Begin your copy at the line with "When all of" in the records below and end it at the line with "2018年10月15日上午,在曹妃甸湿地", restating each line word for word; omit the pictures.

→ MATERIAL FOR THIS EXERCISE
+++++
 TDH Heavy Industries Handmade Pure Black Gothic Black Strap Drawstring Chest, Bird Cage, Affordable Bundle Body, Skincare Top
+++++
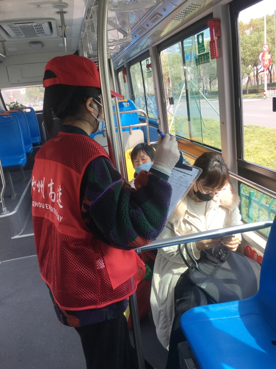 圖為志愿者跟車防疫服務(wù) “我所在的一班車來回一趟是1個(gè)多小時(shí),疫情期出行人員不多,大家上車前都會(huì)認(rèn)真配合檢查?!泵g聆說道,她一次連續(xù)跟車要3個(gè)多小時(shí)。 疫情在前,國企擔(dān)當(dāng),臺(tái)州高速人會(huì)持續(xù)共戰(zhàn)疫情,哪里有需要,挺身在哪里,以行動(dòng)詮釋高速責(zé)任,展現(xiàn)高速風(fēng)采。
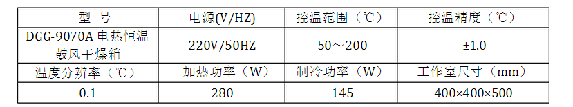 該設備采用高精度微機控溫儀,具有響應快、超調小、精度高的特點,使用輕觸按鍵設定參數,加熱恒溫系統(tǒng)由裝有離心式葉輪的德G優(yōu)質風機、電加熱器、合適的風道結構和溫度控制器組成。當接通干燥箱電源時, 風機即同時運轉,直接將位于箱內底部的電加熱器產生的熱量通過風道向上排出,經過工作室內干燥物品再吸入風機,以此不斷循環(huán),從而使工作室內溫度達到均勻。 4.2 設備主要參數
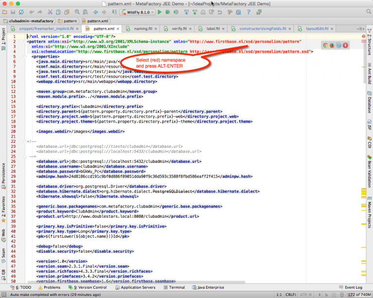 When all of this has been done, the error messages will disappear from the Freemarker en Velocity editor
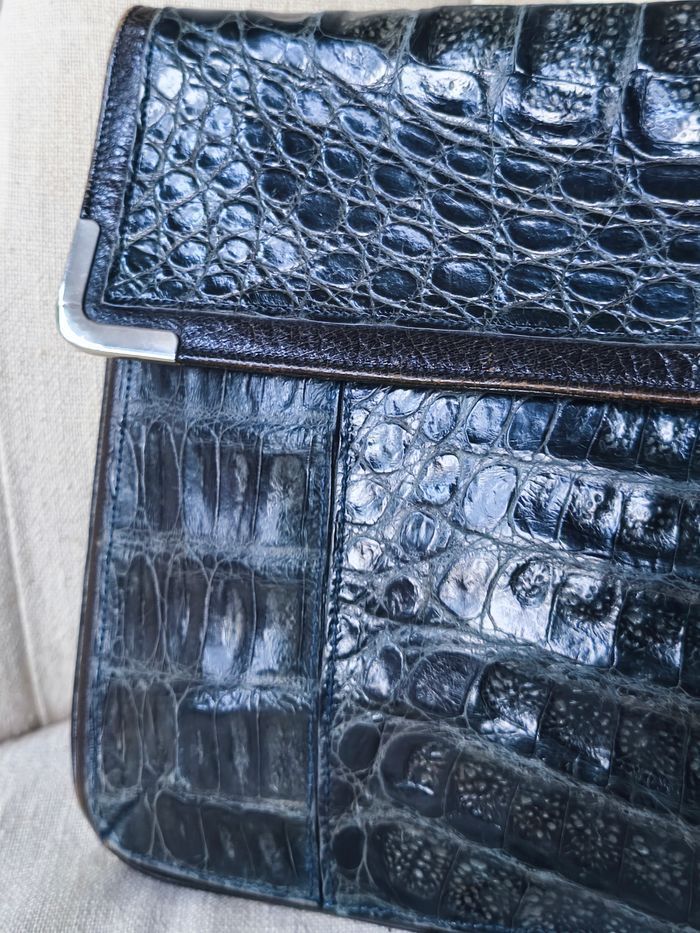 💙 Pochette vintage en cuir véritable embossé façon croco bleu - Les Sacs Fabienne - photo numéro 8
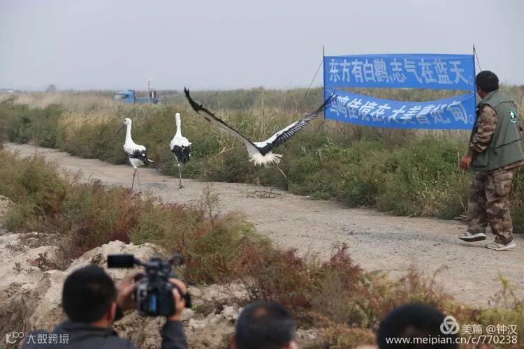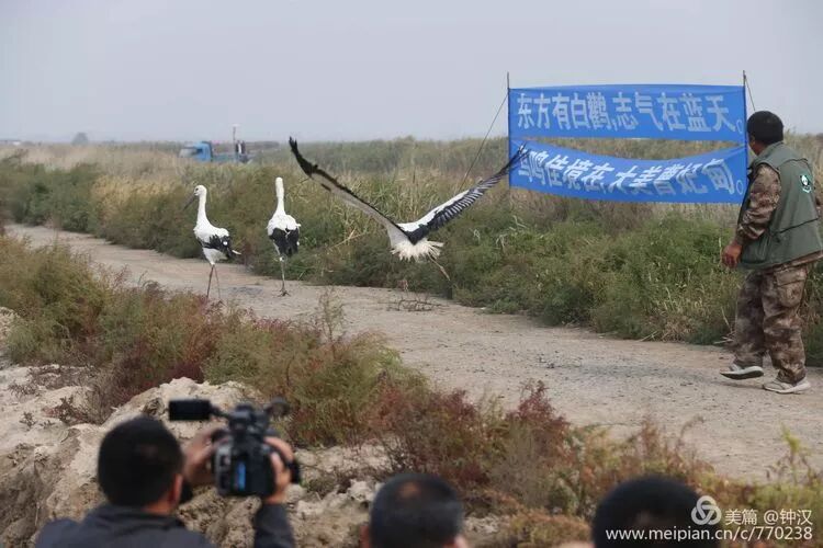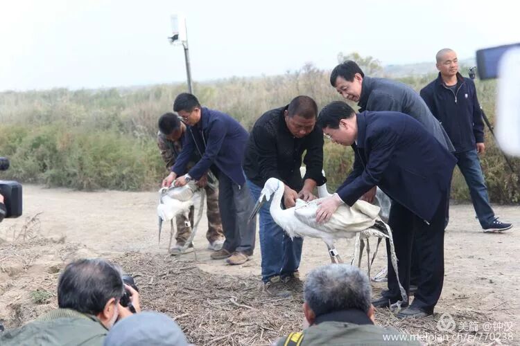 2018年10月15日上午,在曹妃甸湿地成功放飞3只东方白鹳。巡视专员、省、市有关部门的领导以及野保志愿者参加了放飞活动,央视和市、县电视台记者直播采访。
+++++
→ RESULT OF THE EXERCISE
 When all of this has been done, the error messages will disappear from the Freemarker en Velocity editor
 💙 Pochette vintage en cuir véritable embossé façon croco bleu - Les Sacs Fabienne - photo numéro 8
 2018年10月15日上午,在曹妃甸湿地成功放飞3只东方白鹳。巡视专员、省、市有关部门的领导以及野保志愿者参加了放飞活动,央视和市、县电视台记者直播采访。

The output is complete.